* [About this exercise]
Return the lines of the data below, from the one containing "(1905), p.138) |" through the very last, exactly and with both ends included; no pictures.

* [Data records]
──────────────────────────────
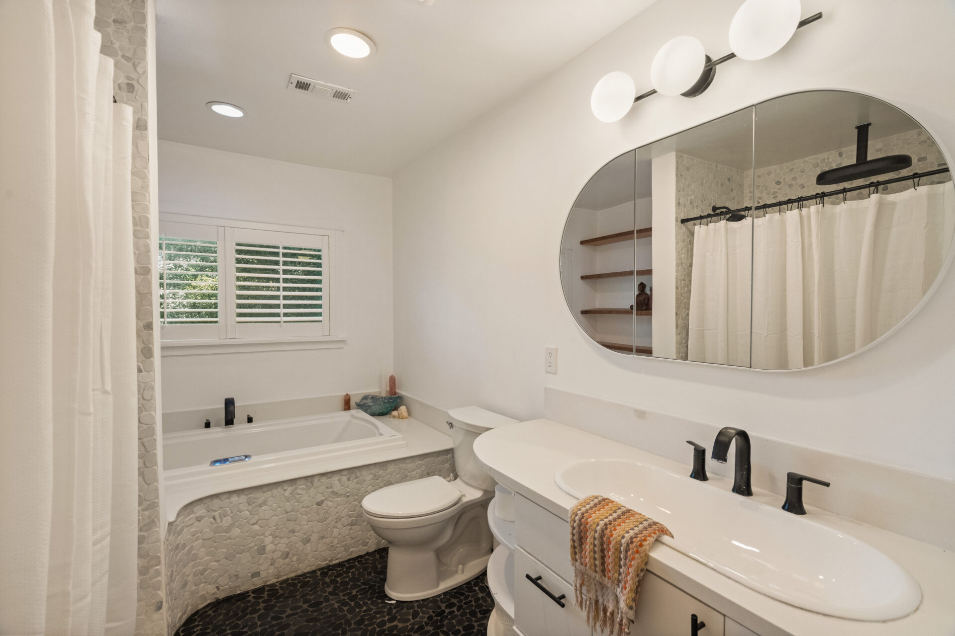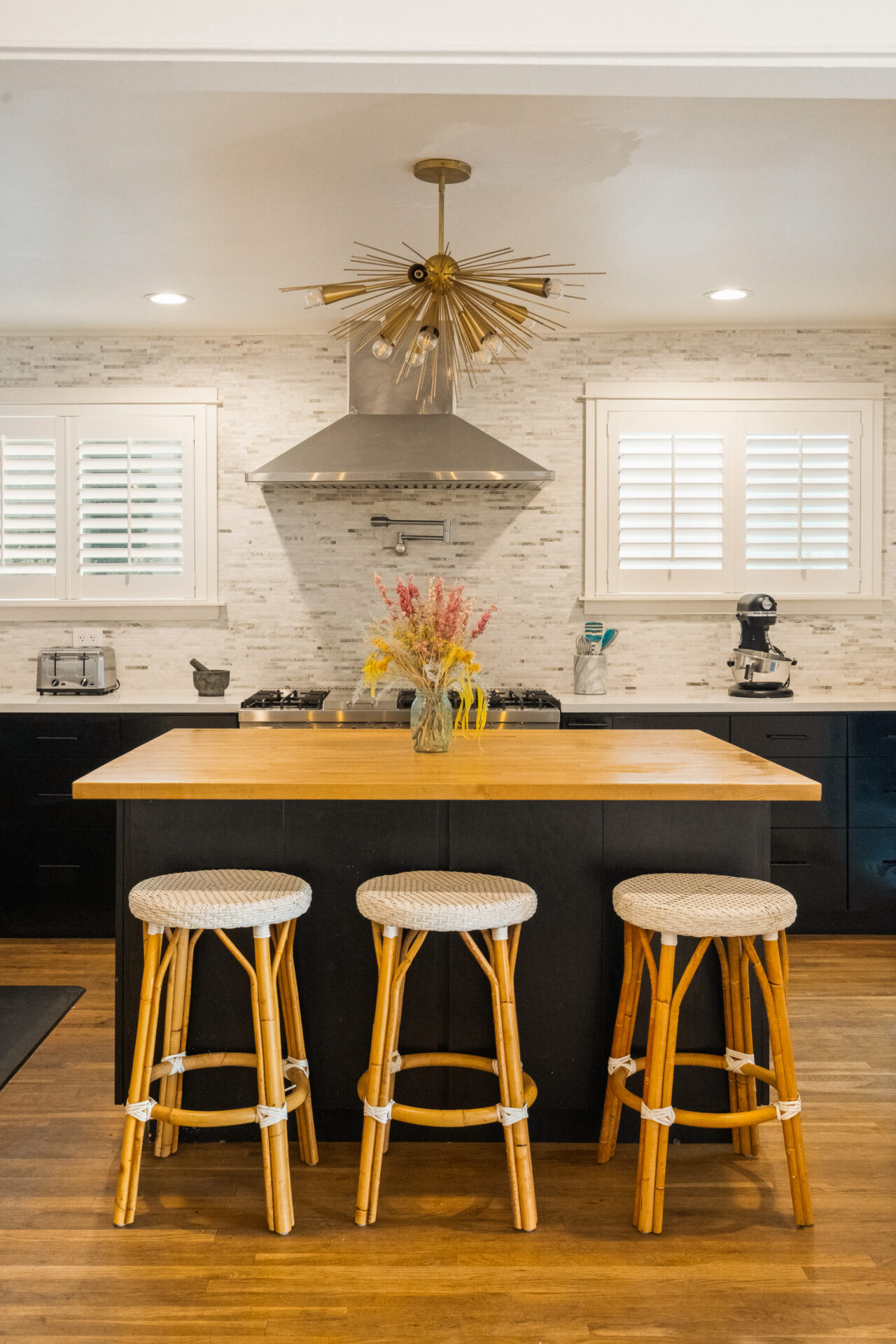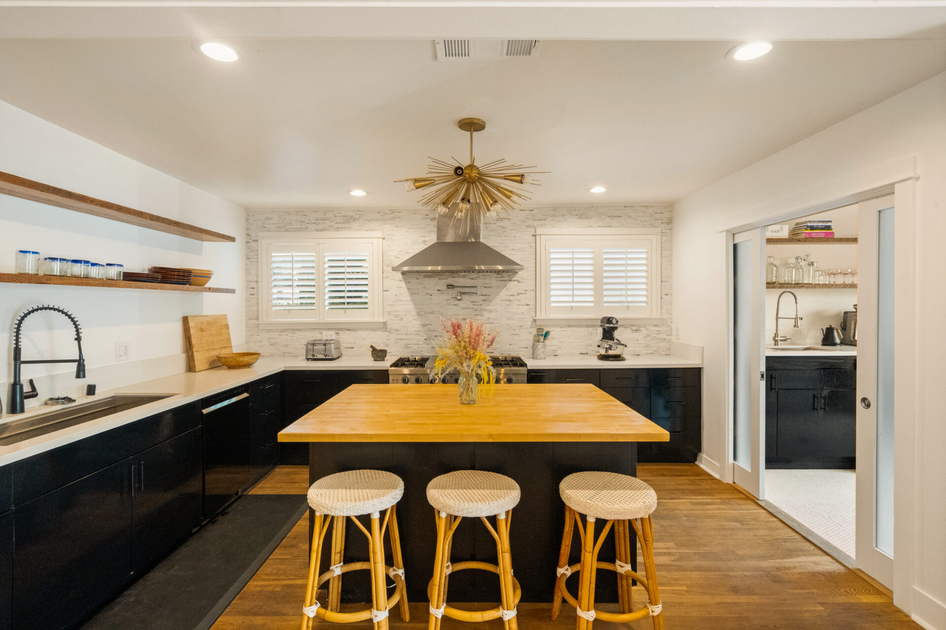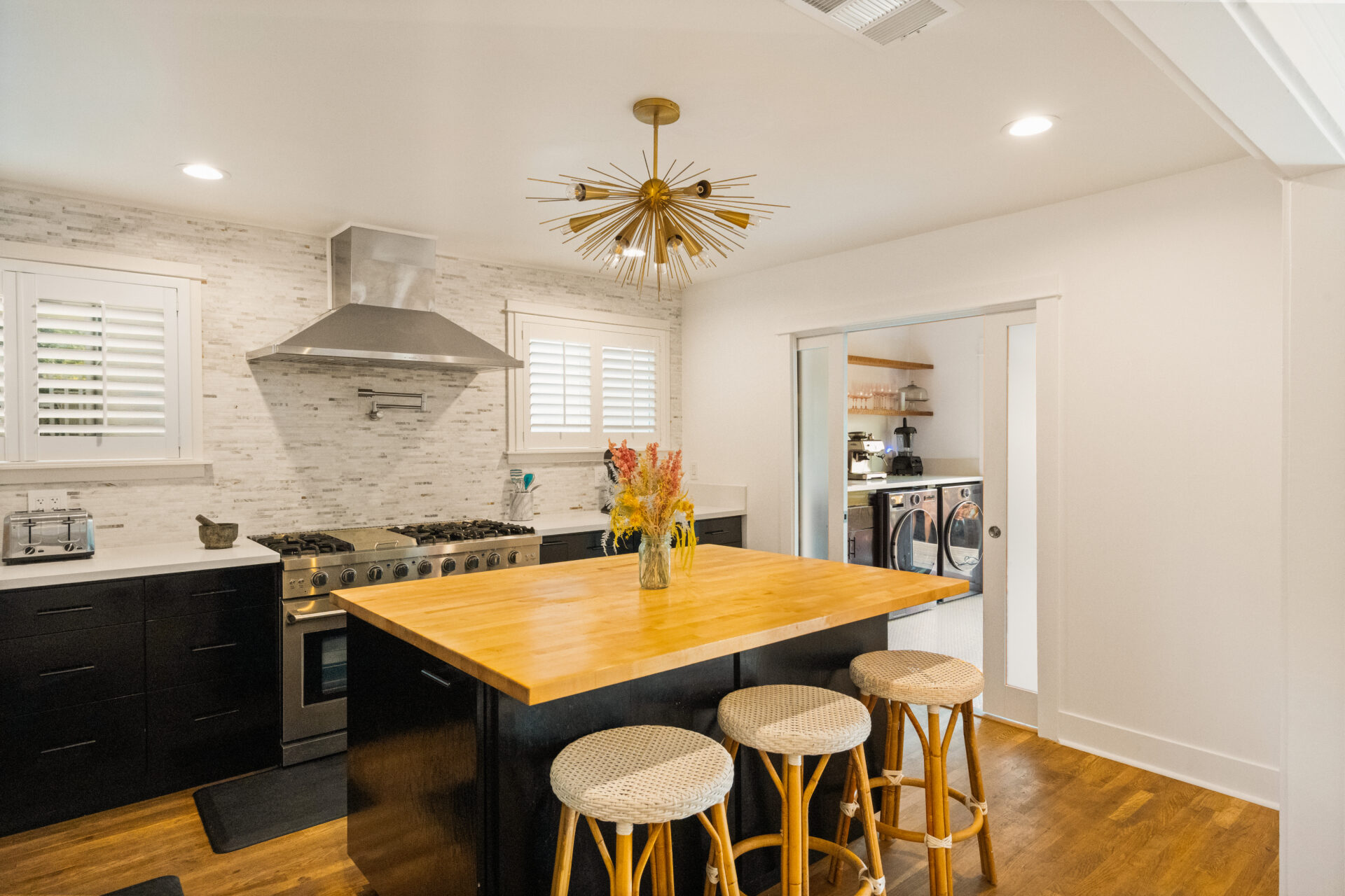 Inside, the wood-burning fireplace anchors the living room, which has a Restoration Hardware sectional, a brand new LG C5 television, and Sonos sound. The kitchen has been done properly—quartz counters, a butcher-block island, open reclaimed-wood shelving, and no bulky upper cabinets blocking the light. All appliances are new: a chef-ready stovetop with a pot-filler faucet, dual ovens, a massive sink, LG dishwasher, hidden built-in microwave, and a barkeep’s glass cleaner for the host who means business. A KitchenAid mixer, Vitamix, espresso machine, and Berkey water filtration are all here too, along with a Sonos speaker and a Smart TV for streaming or keeping an eye on the security cameras. The formal dining room sits just off the kitchen—a proper space for dinner parties, and in this neighborhood, there will be plenty.
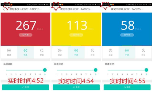 霍尼韋爾AT--X3內置傳感器,對空氣質量的變化感知非常靈敏,并且能過頂部的環形燈帶變換三種不同的顏色來表示,漂亮、直觀而且快速。按機身上的“H”按鈕,即可實現手機與霍尼韋爾APP相連,實時監測和調節凈化的運行情況,比如:定時、睡眠和自動模式切換、風速調節、室內外PM2.5查看等,都可以通過手機APP來實現。非常方便。
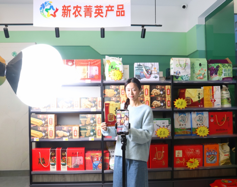 蘇墾南通公司積極與南通團市委合作,在銷售門店開辟“新農菁英產品”專區,匯聚南通各縣市區的地方特色優質農產品,豐富周邊居民的購買選擇。圖為公司青年員工借助抖音直播推廣帶動產品銷售,拓寬增收渠道。
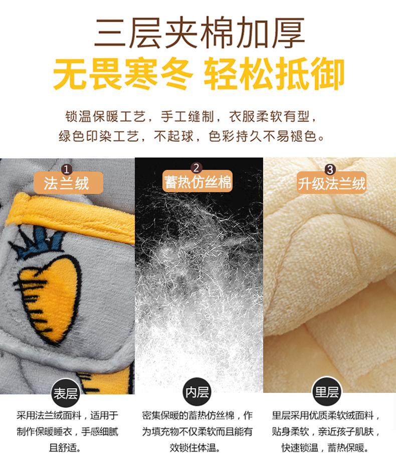 反季促销,一整套34.8元起!三层夹棉加厚,零下十度都没问题!柔软法兰绒面料,亲肤保暖,给孩子温暖呵护!
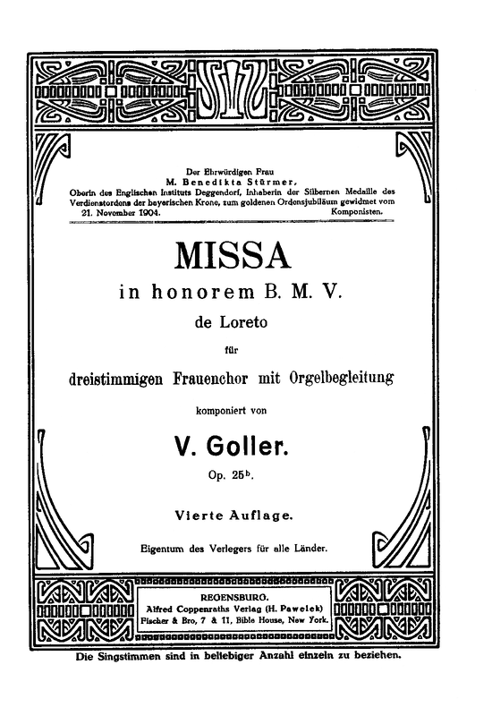 | First Publication | 1905 – Regensburg: Alfred Coppenrath's Verlag (H. Pawelek) (Monatsbericht (1905), p.138) |
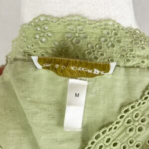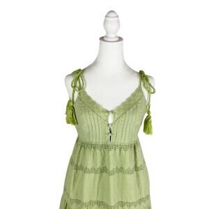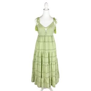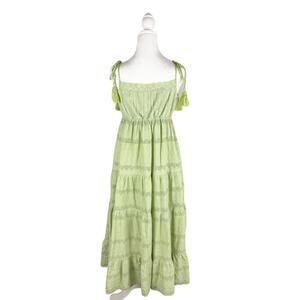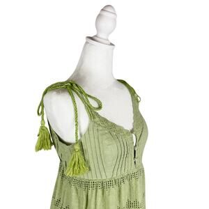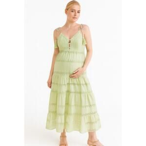This pastel green maternity dress combines comfort and elegance with its pleated bodice and flowing skirt, perfect for any occasion. Delicate lace-like cutouts and tassel-accented adjustable straps add a touch of feminine charm while accommodating your growing bump.
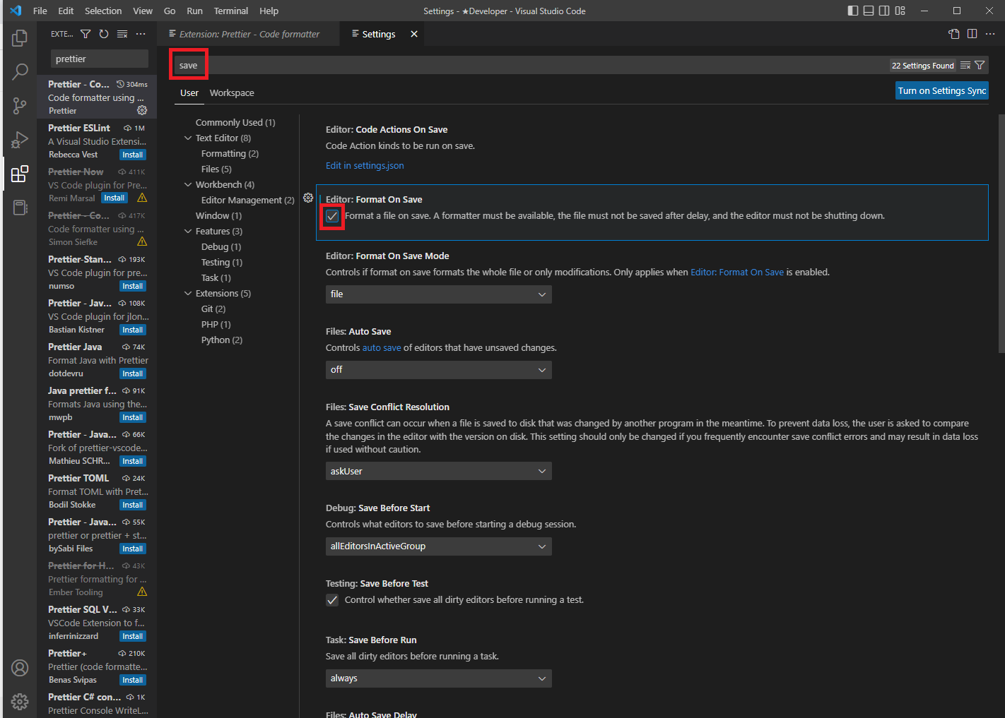 save 검색 > Format On Save 체크표시
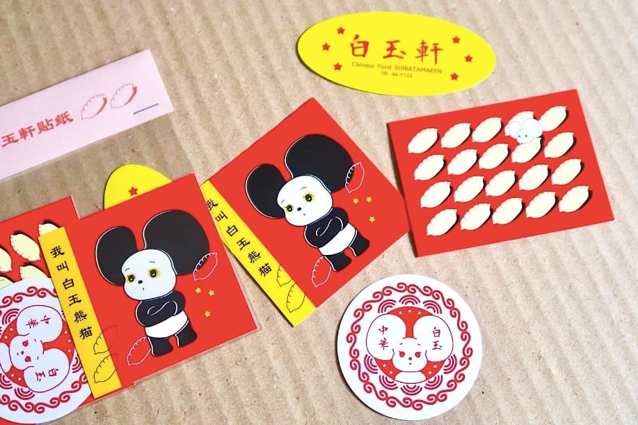 白玉軒のロゴや看板デザインを含む中華なデザインの4点セット。
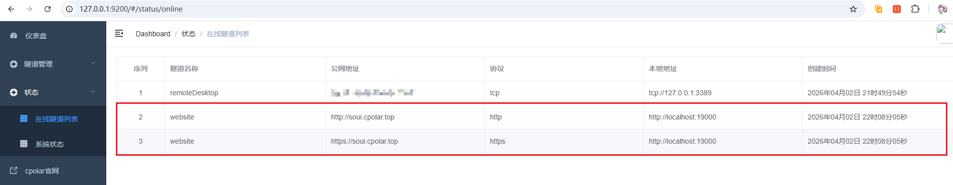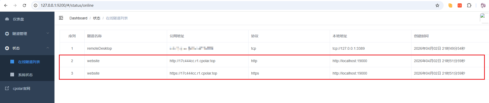 接着来到【状态】菜单下的【在线隧道列表】可以看到隧道名称为【website】的公网地址已经变更为【二级子域名+固定域名主体及后缀】的形式了:
──────────────────────────────
* [Response for this exercise]
 | First Publication | 1905 – Regensburg: Alfred Coppenrath's Verlag (H. Pawelek) (Monatsbericht (1905), p.138) |
This pastel green maternity dress combines comfort and elegance with its pleated bodice and flowing skirt, perfect for any occasion. Delicate lace-like cutouts and tassel-accented adjustable straps add a touch of feminine charm while accommodating your growing bump.
 save 검색 > Format On Save 체크표시
 白玉軒のロゴや看板デザインを含む中華なデザインの4点セット。
 接着来到【状态】菜单下的【在线隧道列表】可以看到隧道名称为【website】的公网地址已经变更为【二级子域名+固定域名主体及后缀】的形式了:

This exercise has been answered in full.